When several rows of the metadata match a unique id (several experiments), the first (in time) experiment is used as the reference id. The data from the following one(s) will be added with a time lag equals to the difference between the values of time_ref. When data is not aligned to circadian time, it makes sense to set use_time = TRUE. Otherwise, the assumption is that the time is already aligned to a circadian reference, so only the date is used.

Value

a behavr table

See Also

  • behavr – to formally create a behavr object

Examples

set.seed(1)
met1 <- data.table::data.table(uid = 1:5,id = 1:5,
                               condition = letters[1:5],
                               sex = c("M", "M", "M", "F", "F"),
                               key = "id")
met2 <- data.table::data.table(uid = 1:4, id = 6:9,
                               condition = letters[1:4],
                               sex=c("M", "M", "M", "F"),
                               key = "id")
met1[, datetime := as.POSIXct("2015-01-02")]
met2[, datetime := as.POSIXct("2015-01-03")]
met <- rbind(met1, met2)
data.table::setkeyv(met, "id")
t <- 1L:100L
data <- met[,list(t = t,
                  x = rnorm(100),
                  y = rnorm(100),
                  eating = runif(100) > .5 ),
            by = "id"]
d <- behavr(data, met)
summary(d)
d2 <- stitch_on(d, on = "uid")
summary(d2)

Time conversion utilities

Description

Trivial functions to convert time to seconds – since behavr uses second as a conventional unit of time.

Usage

days(x)

hours(x)

mins(x)

Arguments

x

numeric vector to be converted in second

Details

Most functions in the rethomics framework will use seconds as a unit of time.

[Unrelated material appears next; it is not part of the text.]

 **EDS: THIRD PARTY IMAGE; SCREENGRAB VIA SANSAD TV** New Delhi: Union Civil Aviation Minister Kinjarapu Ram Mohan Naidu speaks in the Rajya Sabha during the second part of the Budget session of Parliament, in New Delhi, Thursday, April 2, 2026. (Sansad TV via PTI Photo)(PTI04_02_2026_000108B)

It is always preferable to call a function like my_function(days(1.5)) rather than my_function(60 * 60 * 24 * 1.5).

Value

number of seconds corresponding to x (1d = 86400s, 1h = 3600s and 1min = 60s)

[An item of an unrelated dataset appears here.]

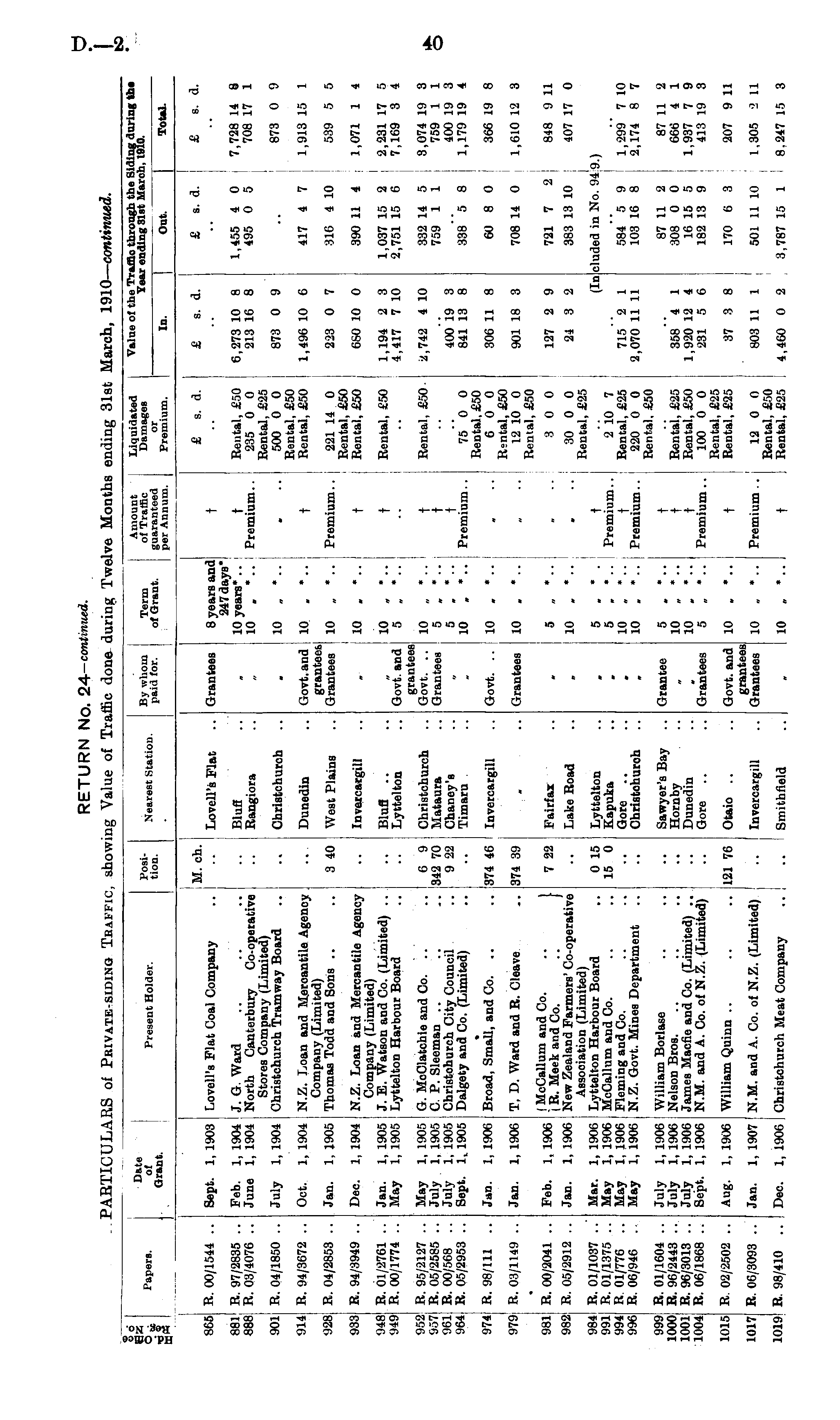RETURN No. 24—continued. PARTICULARS of Private-siding Traffic, showing Value of Traffic done during Twelve Months ending 31st March, 1910— continued.

Generate toy activity and sleep data mimicking Drosophila behaviour in tubes

Description

This function generates random data that emulates some of the features of fruit fly activity and sleep. This is designed exclusively to provide material for examples and tests as it generates "realistic" datasets of arbitrary length.

Usage

toy_activity_data(metadata = NULL, seed = 1, rate_range = 1/c(60,
  10), duration = days(5), sampling_period = 10, ...)

toy_ethoscope_data(...)

toy_dam_data(...)

Arguments

metadata

data.frame where every row defines an individual. Typically metadata has, at least, the column id. The default value (NULL), will generate data for a single animal.

seed

random seed used (see set.seed)

rate_range

parameter defining the boundaries of the rate at which animals wake up. It will be uniformly distributed between animals, but fixed within each animal.

duration

length (in seconds) of the data to generate

sampling_period

sampling period (in seconds) of the resulting data

...

additional arguments to be passed to simulate_animal_activity

Value

a behavr table with the metadata columns as metavariables. In addition to id and t columns different methods will output different variables:

  • toy_activity_data will have asleep and moving (1/10s)

  • toy_dam_data will have activity (1/60s)

  • toy_ethoscope_data will have xy_dist_log10x1000, has_interacted and x (2/1s)

References

See Also

  • behavr – to formally create a behavr object

Examples

# just one animal, no metadata needed
dt <- toy_ethoscope_data(duration = days(1))

# advanced, using a metadata
metadata <- data.frame(id = paste0("toy_experiment|",1:9),
                   condition = c("A", "B", "C"))

metadata
# Data that could come from the scopr package:
dt <- toy_ethoscope_data(metadata, duration = days(1))
print(dt)

# Some DAM-like data
dt <- toy_dam_data(metadata, seed = 2, duration = days(1))
print(dt)

# data where behaviour is annotated e.g. by a classifier
dt <- toy_activity_data(metadata, 1.5)
print(dt)

Expand a metavariable and map it against the data

Description

This function eXpands a MetaVariable from a parent behavr object. That is, it matches this variable (from metadata) to the data by id.

Usage

xmv(var)

Arguments

var

the name of the variable to be extracted

Details

This function can only be called within between the [] of a parent behavr object. It is intended to facilitate operations between data and metadata. For instance, when one wants to modify a variable according to a metavariable.

Value

a vector of the same type as var, but of the same length as the number of row in the parent data. Each row of data is matched against metadata for this specific variable.

See Also

  • behavr – to formally create a behavr object

  • rejoin – to join all metadata with data

Examples

#### First, we create some data

library(data.table)
set.seed(1)
data <- data.table(
                   id = rep(c("A", "B"), times = c(10, 26)),
                   t = c(1:10, 5:30),
                   x = rnorm(36), key = "id"
                   )

metadata = data.table(id = c("A", "B"),
                      treatment = c("w", "z"),
                      lifespan = c(19, 32),
                      ref_x = c(1, 0),
                      key = "id")
dt <- behavr(data, metadata)
summary(dt)

#### Subsetting using metadata

dt[xmv(treatment) == "w"]
dt[xmv(treatment) == "w"]
dt[xmv(lifespan) < 30]

#### Allocating new columns using metavariable

# Just joining lifespan (not necessary)
dt[, lif := xmv(lifespan)]
print(dt)
# Anonymously (more useful)
dt[, x2 := x - xmv(ref_x)]
print(dt)